Он чувствовал себя замкнутым в черном квадрате, в углах которого молчаливыми стражницами стояли четыре женщины. И каждая была родной ему… Прямо сейчас нужно было выбрать, в какую сторону шагнуть – туда, куда тянули, или в ту, где отталкивали. Пуститься по течению, потому что и хочется этого, и так привычнее, или поплыть против, чтобы доказать и Ульяне, и себе самому: быть мужчиной – это не преступление.
Перед домом Егор остановился, думая о том, что это чисто физическое передвижение ни на шаг не сдвинуло его от центра квадрата. Он стоял на линии огня и настороженно прислушивался к пугающему затишью. Ксюшка первой выпустила очередь, сама же пострадала больше других. Слава богу, хоть малышка пока не понимает происходящего…
В его доме уже загорались желтым окна, а три в квартире Быстровых были темны, и это начинало беспокоить. Но Егору никак не удавалось заставить себя войти в подъезд. Ему хотелось еще хоть немного, хоть мысленно побыть с Ульяной в том прошлом, когда почти на каждой репетиции он различал в негустой темноте зала ее блестящие глаза, и этот неотрывный взгляд, словно волшебный луч, наполнял его особой небесной энергией.
Он и тогда понимал, что играет главным образом для этой женщины, с которой едва здоровался на ходу, но все чаще в ее присутствии возносился на волне куража и восторга к тому уровню перевоплощения, о котором мечтал на первой репетиции. Любил ли он Ульяну когда-нибудь? Конечно. Как любят музыку, которая вдохновляет и заставляет снова и снова переживать внутреннее, невидимое другим потрясение…
Но Егор никогда не хотел видеть Ульяну Соколовскую своей женой. У него была жена, без которой он не представлял жизни. И для него это звучало не пафосно, а естественно.

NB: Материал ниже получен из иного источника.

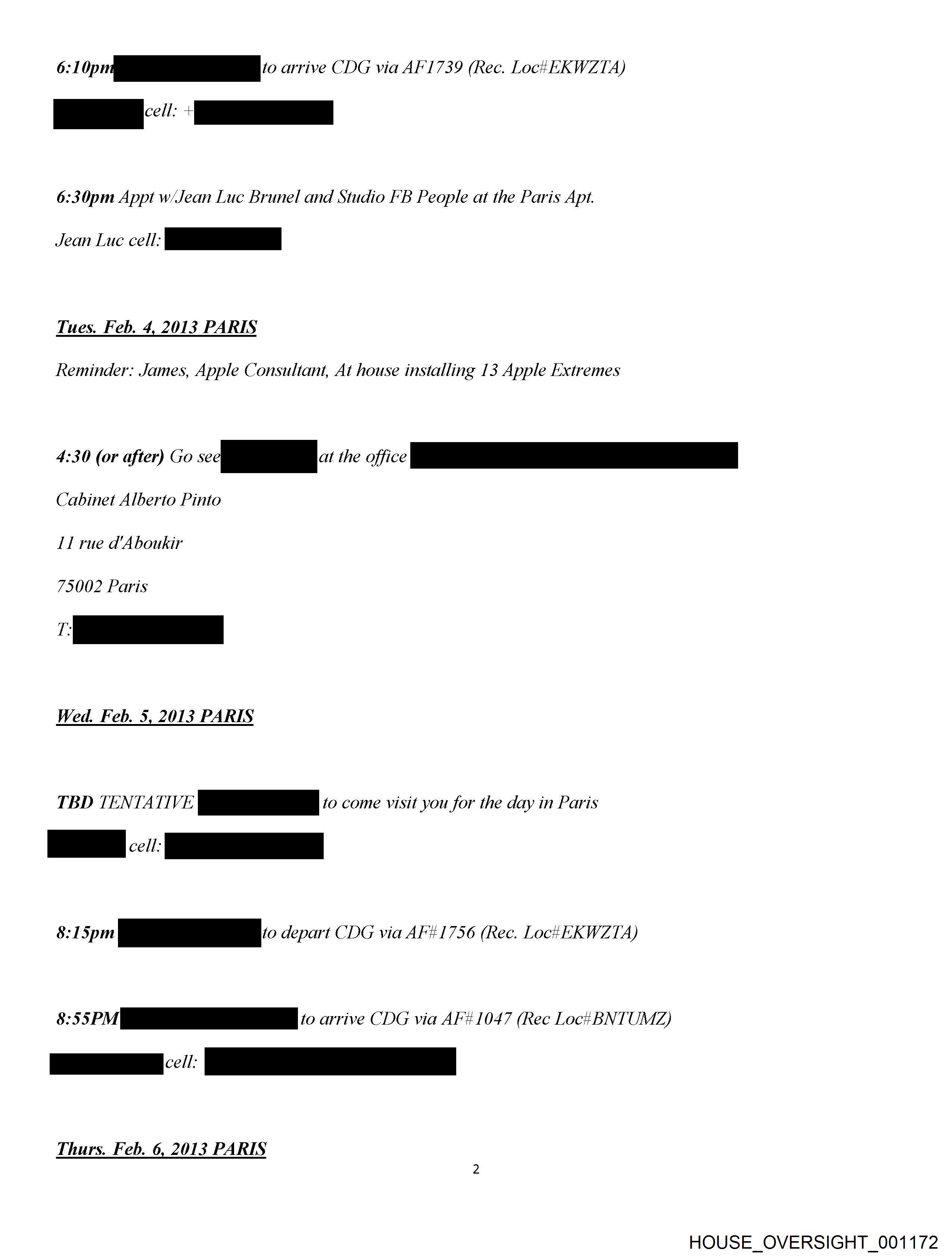 6:1 Tt té<‘<s«é‘« arrive CDG via AF'1739 (Rec. Loc#H EKWZTA) 6:30pm Appt w/Jean Luc Brunel and Studio FB People at the Paris Apt. Jean Luc cell: pe Tues. Feb. 4, 2013 PARIS Reminder: James, Apple Consultant, At house installing 13 Apple Extremes Cabinet Alberto Pinto 11 rue d'Aboukir 75002 Paris Wed. Feb. 5, 2013 PARIS TBD TENTATIVE a to come visit you for the day in Paris 8:15pm ae depart CDG via AF #1756 (Rec. Lock EKWZTA) 8:55PM a 0. arrive CDG via AF#1047 (Rec Loc! BNTUMZ) ee: Thurs. Feb. 6, 2013 PARIS HOUSE_OVERSIGHT_001172
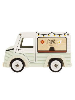 Kawiarnia w stylu retro jest wyposażona w podnoszony dach z menu, słodkie okienko do podawania kawy i herbaty, markizę oraz drewnianą tacę do serwowania. Jej rozmiar idealnie pasuje do gamy drewnianych lalek, akcesoriów oraz pięknych, wielokrotnie nagradzanych domków dla lalek marki Le Toy Van. Czas spędzony z tym klasycznym, miniaturowym samochodzikiem - kawiarnią jest najsłodszy!
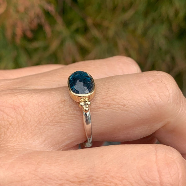 A deep teal kyanite is set in 14k yellow gold on sterling silver seagrass band with gold bead clusters.
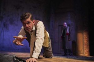 \He goes to a vacant theater where he meets with hired actor The Actor ( this character is deftly handled by Adam Wesley Brown) to help bring this story to light. The story is set in an isolated mansion that appears abandoned and within its wall are secrets. Kipps, a lawyer has encountered horrific visions in the house, that he finds unexplainable. The area surrounded by water ( marshes) and filled with winds and noises is one that might put the fear into the audience members. It appears that our Lawyer, Kipps cannot explain them so he feels that The Actor will help him to understand and get to the bottom of the haunting that he feels is in this mansion.
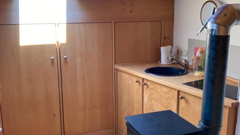 Die Ferienwohnung umfasst ein Schlafzimmer und eine Küchenzeile, die mit einem Kühlschrank, einer Herdplatte und einem Wasserkocher ausgestattet ist. Zur Ausstattung gehören auch Handtücher und Bettwäsche.
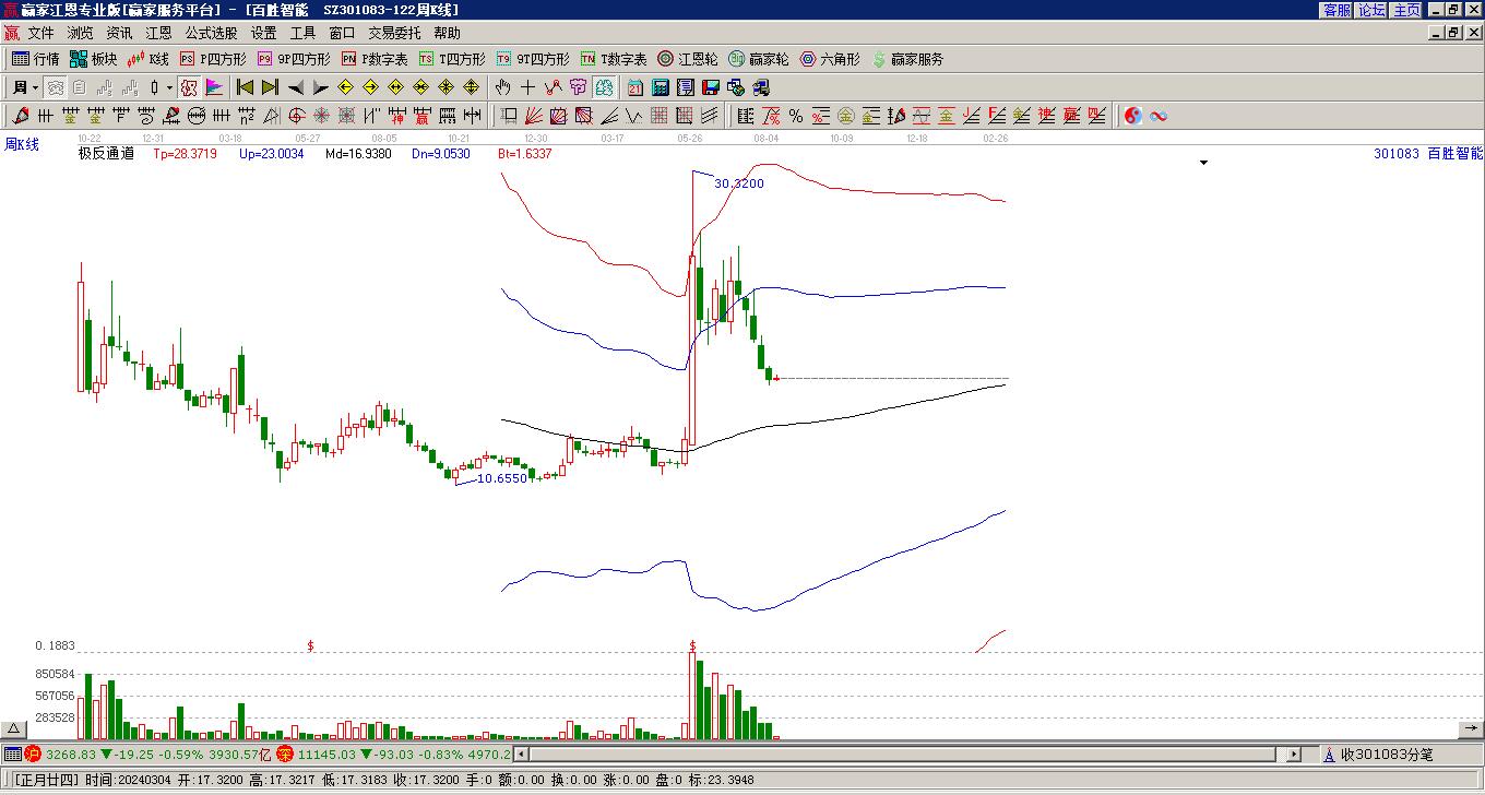 百勝智能301083形成殘陽鋪水形態(tài),充電樁概念小幅下跌0.28%
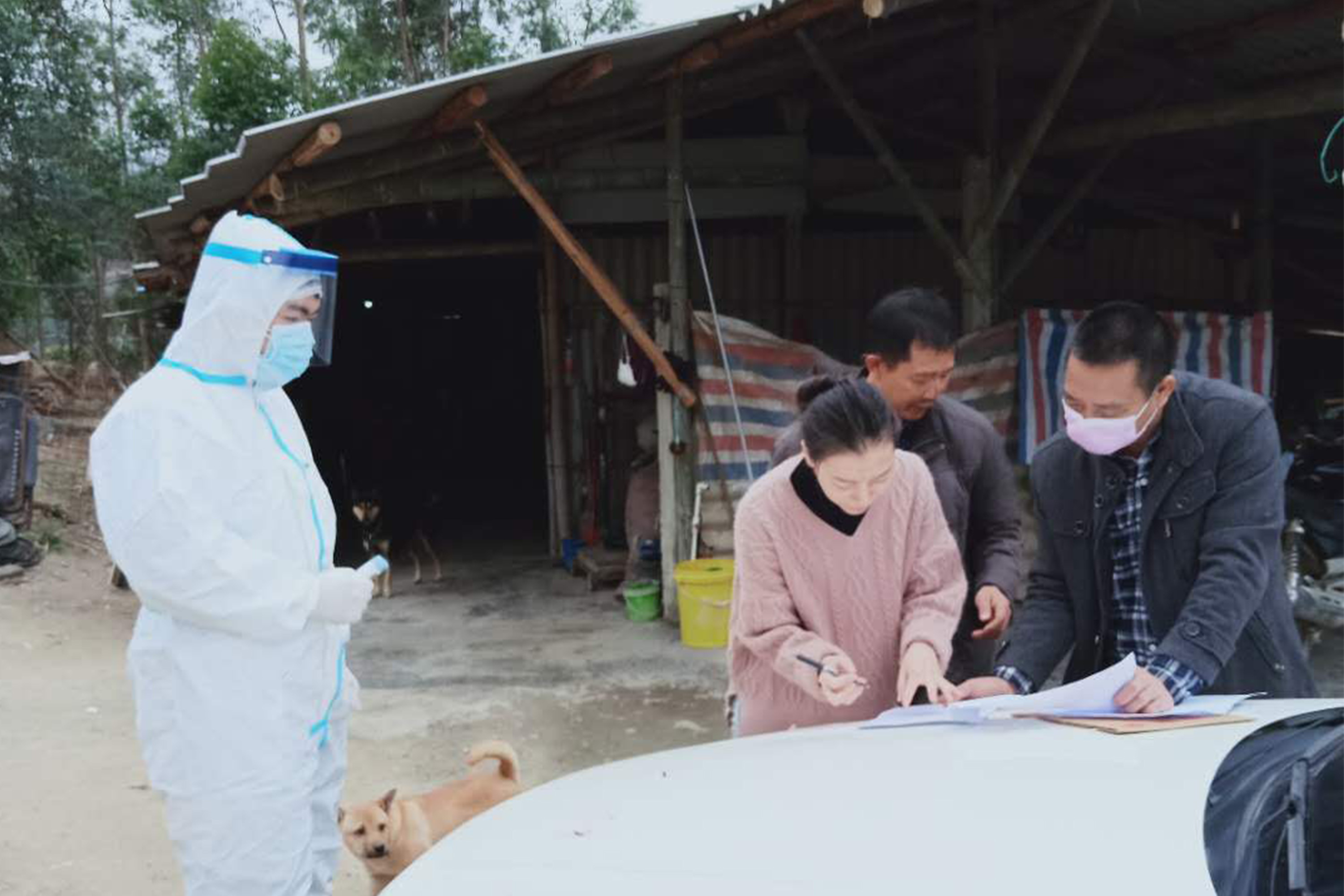 胡伏龙同志作为分管农业的副镇长,在抓好自己所驻村委直联服务工作同时带头做好养殖户信息摸排登记,重点做好湖北籍外来务工禽类养殖的信息登记工作。沙塘镇有30多户养殖户,其中大多数在丽新村。连日来,他亲自带队,组织本部门同事对辖区内养殖户开展地毯式排查,排查是否有湖北籍人员,并且对于每个湖北籍人员联系到人,确保掌握每个湖北籍人员的活动情况和身体状况,动态监测、精准掌握人员数量,确保不漏一户、不漏一人,做好登记。当遭到部分不理解防疫工作的养殖户刁难时,胡伏龙同志并没有退缩和放弃,依然坚持不懈向他们解释防控工作对人民群众生命健康安全的重要性,最后得到大家的支持与配合。在排查过程中,发现有3户从疫区回来的养殖户,他亲自带队上门为监测对象落实体温检查。为了缓解被监测群众的情绪,他总是关心地问道:“今天身体怎么样啦?有没有不舒服?” “如果在居家隔离期间有什么需要,可以向我们反映。”同时反复叮嘱监测对象要做好14天的居家隔离,没事少出门、出门戴口罩、要勤洗手等等,并落实村委会做好隔离其间生活用品的供给。
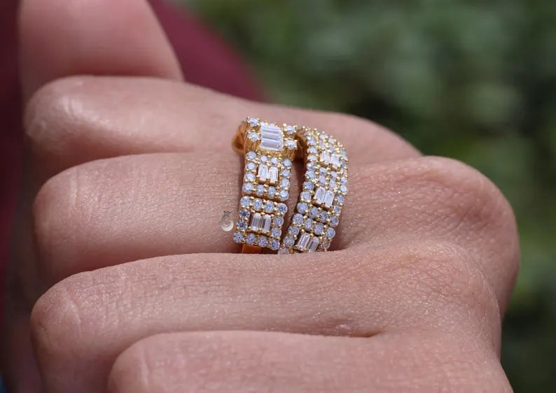 Elegant Moissanite Couple Ring Wedding Band Set – This stunning 2-piece set is a perfect blend of classic and contemporary, featuring baguette and round-cut moissanite stones. Thoughtfully designed for couples, these rings are available in high-quality metal options, including silver, white gold, yellow gold, rose gold, and platinum, allowing you to choose the perfect match for your style.
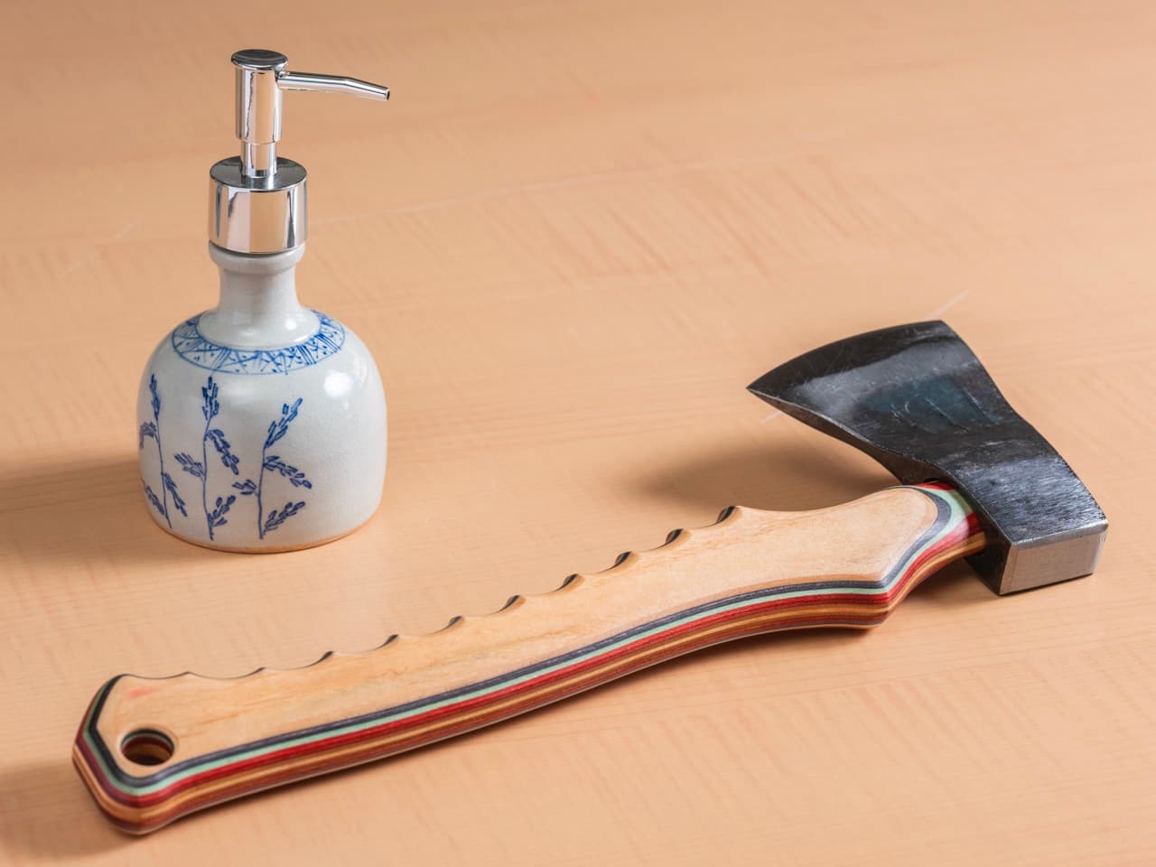 宇都宮 地域の資源を認識し、生かすこと。当たり前のようですがこれを大切にしています。当社は高知の職人さんたちと一緒に商品開発を行っています。ひとつの例がこの斧(写真参照)。刃の部分は「土佐打刃物」という伝統工芸品の職人さんが手掛け、束は高知県外の現代アーティストの方がスケートボードの廃材を使って制作、カバーを地元の革職人さんが担当しました。地域の素晴らしい伝統文化ですよね。しかし、ずっと地域の中にいると、互いの存在や価値に気づかないことがあるものです。それを見つけて、コラボレーションして、現代の価値にアップデートする。今後、このアイテムは首都圏や海外の富裕層に向けて販売していきます。地域のビジネスは、いかに域外から外貨を稼ぐかという点も大切です。

И он, наконец, постучал в дверь, за которой ждала Лида. Именно постучал, хотя обычно пользовался звонком. Ответив ее испуганному голосу, Егор шагнул в тепло прихожей и сразу обнял жену. Не для того, чтобы продемонстрировать ей что-то, а просто потому, что самому очень хотелось этого.
Внезапно вспомнилось: именно так семнадцать лет назад он сделал ей предложение – ввалился с мороза в овчинном полушубке, прижал ее, теплую, податливую, и прошептал на ухо: «Ты станешь моей женой?» И конечно, она согласилась. Она всегда и во всем соглашалась с ним. Чего ему и хотелось от женщины.
– Ты замерз? – Лида обхватила мягкими ладонями его лицо. – Как ты догадался постучать? Ксюшка спит… Знаешь, мне кажется, ей совсем плохо.
Он отстранился, стянул вязаную шапку, поглощавшую звуки:
– Что значит – плохо?
Оглянувшись, жена прошептала:
– Это значит, что, по-моему, ее опять надо показать психиатру.
– Ну, так покажи! Или ты не в состоянии позаботиться о своем ребенке? – ответил он резко, чтобы скрыть испуг, отдавшийся холодным натяжением в кистях рук.
У нее задрожала почему-то верхняя часть лица – веки, брови. А губы не подвели, хоть и не сразу, но произнесли отчетливо, сухо:
– Ты намекаешь, что она в состоянии позаботиться о своем ребенке, а я – нет?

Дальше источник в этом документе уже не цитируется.